Es ist offensichtlich, dass Chinas Wirtschaft ein Problem hat: Die Exporte sind im Juli um mehr als acht Prozent eingebrochen, was viele Beobachter auch auf den Wertzuwachs des Renminbi in den vergangenen Monaten zurückführen. Entwickelt sich der Aussenhandel weiter schlecht, könnte auch das von der Regierung angepeilte Wachstumsziel von sieben Prozent in Gefahr geraten.
Erschüttert wurde die Wirtschaft zudem durch den Börsencrash, bei dem viele Leute Vermögen verloren hätten, sagt der Ökonom und China-Experte Horst Löchel von der Frankfurt School of Finance and Management: «Dies alles wurde jetzt möglicherweise zu einem zu gefährlichen Mix für die Behörden und sie griffen in den Wechselkurs ein.»
Das Ausmass der Intervention zeigt die grosse Unruhe in der chinesischen Regierung.
Anders als Dollar, Euro oder Schweizer Franken wird die chinesische Landeswährung Renminbi (auch Yuan) nicht frei gehandelt. Stattdessen legt die Zentralbank täglich einen Referenzkurs fest. Am Dienstag senkten die Zentralbanker dieses Referenzkurs auf einen Schlag um 1,9 Prozent im Vergleich zum US-Dollar – und damit so stark wie noch nie in den letzten zehn Jahren.
Der Eingriff in den Wechselkurs sei eine sehr drastische Massnahme, um die Exporte zu stärken beziehungsweise Arbeitsplätze in der Exportindustrie zu erhalten, erklärt Löchel. Das Ausmass der Intervention zeige die grosse Unruhe in der chinesischen Regierung ist, denn sie hätte beispielsweie auch mit Zinssenkungen für Banken, erleichterten Kreditvergaben oder der Senkung der Mindestreserven reagieren können.
Die Schattenseite
«Die Motivation, durch Abwertung die Exportgeschäfte anzukurbeln, ist deutlich zu erkennen», unterstreicht auch der chinesisch-stämmige Ökonom Xuewu Gu von der Universität Bonn. Ein verbilligter Renminbi könne den Exporteuren zumindest kurzfristig helfen, wieder Fuss zu fassen. Alle Waren würden im Ausland auf einen Schlag günstiger.
Allerdings gibt es laut Gu inzwischen auch viele chinesische Unternehmen, die auf Importe aus dem Ausland angewiesen sind.

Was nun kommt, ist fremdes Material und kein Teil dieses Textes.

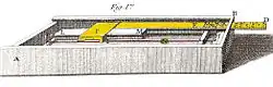- [In Figure 1] AB is a box that contains a sliding piece, DEF, that runs along the other piece, LM, that is attached to the bottom of the box. The end at ED comes out through an opening similar to the one cut in B. The other end [of the sliding piece], F, has a sort of right-angle bar [équerre] that is attached to it with a screw and that is pushed by a spring so that this right angle will pluck the string HNG at the place marked I.

Diese Importeure müssten nun drauflegen: «Langfristig dürfte die Wirtschaft daher kaum profitieren von der Staatsintervention auf dem Devisenmarkt.»
Erneute Flucht in den Dollar verhindern
China-Kenner Gu vermutet daher, dass noch ein ganz anderer Grund hinter der massiven Intervention: «Wenn man warten würde, bis die US-Notenbank ihre Zinsen erhöht, wäre es zu spät für China. Denn dadurch könnte eine neue Welle der Kapitalflucht entstehen.»
Die chinesische Regierung versuche daher, vorzubeugen, indem sie die Landeswährung künstlich abwerte. Investoren, die auf der Suche nach mehr Rendite versucht sein könnte, ihre Renminbi künftig in US-Dollar zu tauschen, müssten daher für jeden Dollar deutlich mehr Renminbi hergeben, also teurer bezahlen. Dies ist laut Gu eine entscheidende Überlegung bei dieser Massnahme zum jetzigen Zeitpunkt.
Und wo sind die Verlierer?
China sei allerdings nicht das einzige Land, das auf diese Weise vorbeuge, bemerkt Gu. Im Gegenteil: Fast alle Industrieländer, aber auch asiatische Schwellenländer, hätten ihre Währungen gegenüber dem Dollar in den letzten Monaten abgewertet. Doch der Renminbi habe im Vergleich zu vielen anderen Währungen in den letzten Monaten kräftig an Wert gewonnen, zum Nachteil der Wirtschaft.
China wollte nicht mehr allein dastehen und erst noch auf Kosten der eigenen Wirtschaftsentwicklung.
Der Verlierer der heutigen Renminbi-Abwertung dürften die USA sein. Der Dollar legte zu, US-Produkte werden im Ausland teurer. Und dennoch dürften sich die Amerikaner mit der üblichen Anschuldigung eines von den Chinesen angezettelten Währungskriegs diesmal zurückhalten. Denn es schliesslich der Dollar, der den Chinesen das Leben schwer macht.